As we were pulling out onto the street after leaving the range, an SUV pulled into the intersection across from us.  The young woman in the passenger seat of the SUV turned around and stood up through the sun roof. Unusual, but it was a beautiful day out.

And then she pulled her shirt up and flashed the car behind her.  Random Saturday afternoon boobies!! She had a lovely set, too.  It’s just not everyday you see them displayed so publicly.  At least, not so much around here.  Even the strippers wear pasties.  Sorry, I was not fast enough with my camera.  Bad blogger, I know.

So I figure she must have seen the antics of all the guys participating in Kilted to Kick Cancer and decided she’d kick off Breast Cancer Awareness month in a big way.  You know, because you’re not going to think about the boobies unless you’re reminded, right?

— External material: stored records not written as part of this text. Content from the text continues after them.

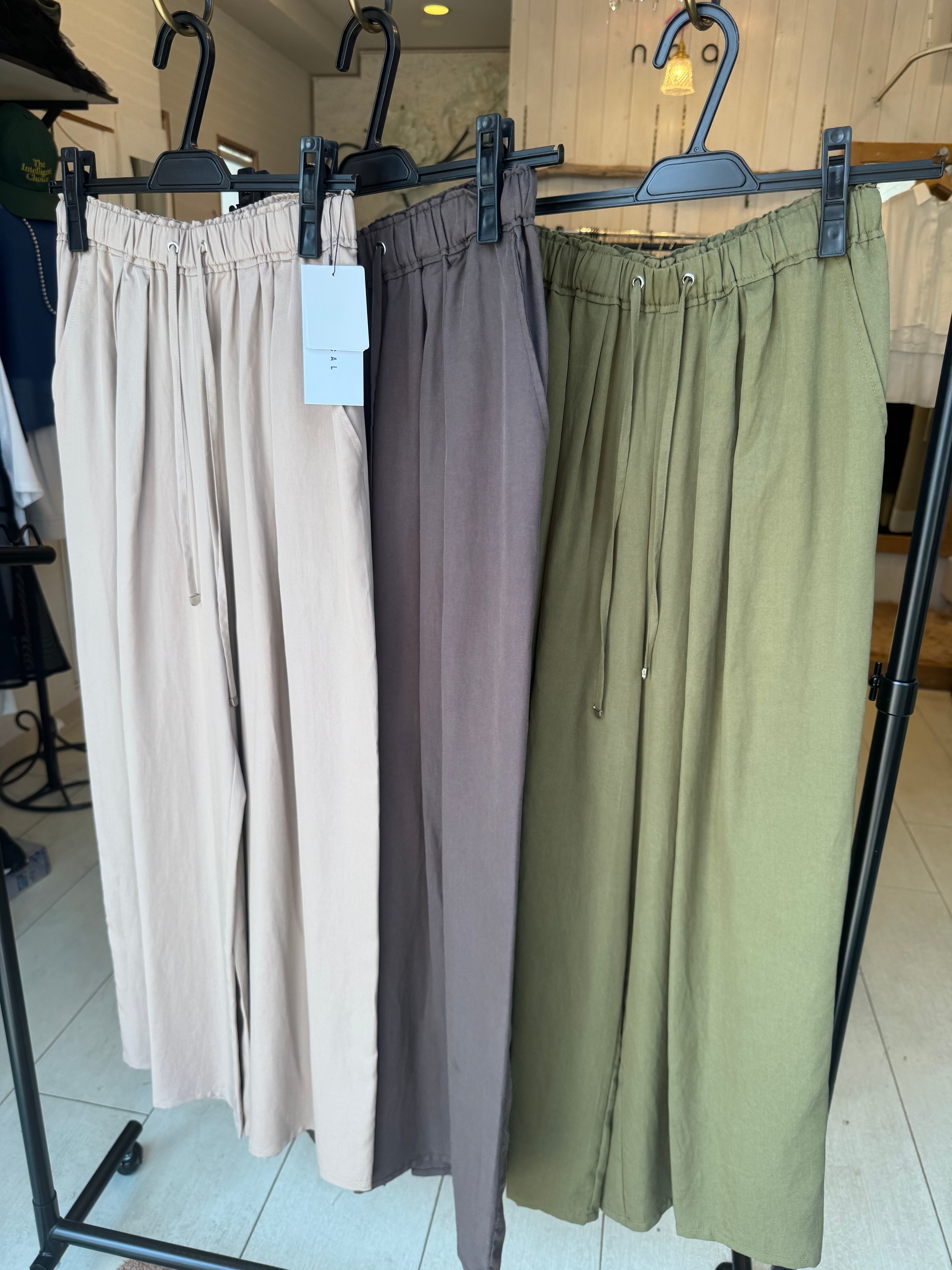 ナチュラルな落ち感と程よい光沢感のテンセルツイルのイージーパンツ。しなやかなドレープ◎
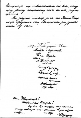 At the same time, not knowing whether we will be able to do this in a timely manner, we ask you, Your Excellency, to accept the sincere filial wishes of the merry feasts of Christ's Resurrection. May the Lord grant that this joyful Easter will become the majestic long-awaited Sunday end of our long-term suffering of our long, difficult nationwide "Great Lent" and that Your Excellency will bless us all, our national family for a new, joyful life. We also thank Your Excellency for giving us a priest for spiritual care over us.
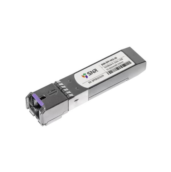 SNR-SFP-W53-20 модуль SFP WDM дальность до 20км (14dB) 1550нм одноволоконный оптический модуль с форм фактором SFP для 1G Ethernet, соответсвует стандарту 1000Base-BX. Предназначен для работы в одномодовом оптическом волокне (Single mode fiber, SMF), максимальная дальность 20 км, оптический бюджет 14dB, SC коннектор, рабочая длина волны Tx/Rx: 1550/1310нм. Поддержка функции DDM
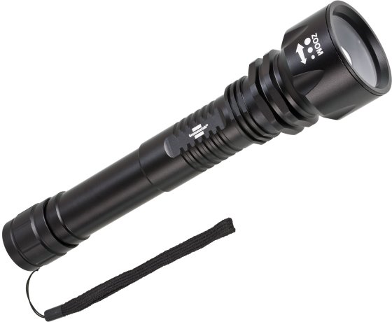 Power-Taschenlampe mit höchster Leuchtkraft und -dauer bietet umfangreiche Funktionen: 100% – 40% – 10% – strobe – SOS
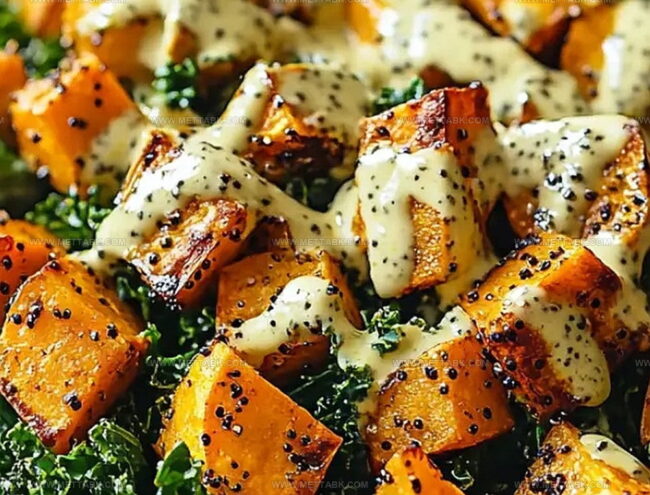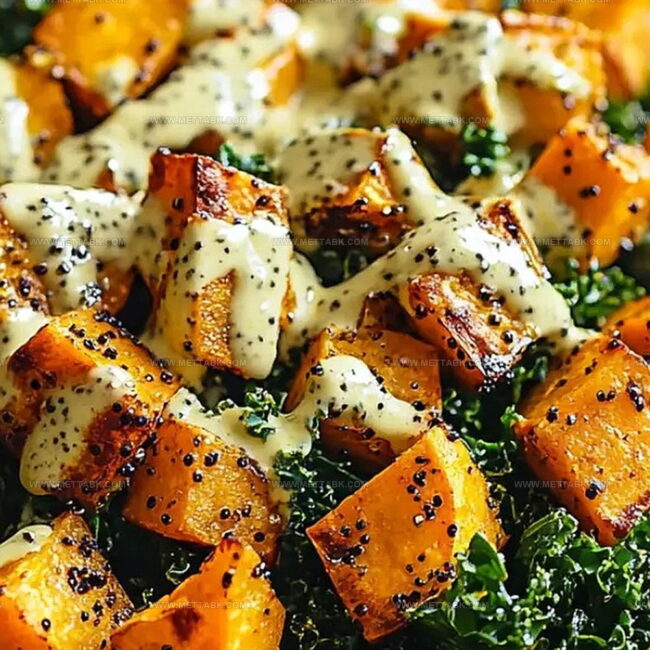 Crisp kale leaves intertwine with roasted golden sweet potato cubes, creating a texture symphony.

My mother is a breast cancer survivor.  I lost one of my employees to breast cancer earlier this year.  The biggest difference? Mom’s cancer was detected early.  She was able to beat it with prompt and early treatment.

We encouraged all the guys to bend over last month.  It’s our turn ladies.  Get your boobies smashed.  My appointment is scheduled for the 13th. It’ll be my first, and you are sure to get an after action report.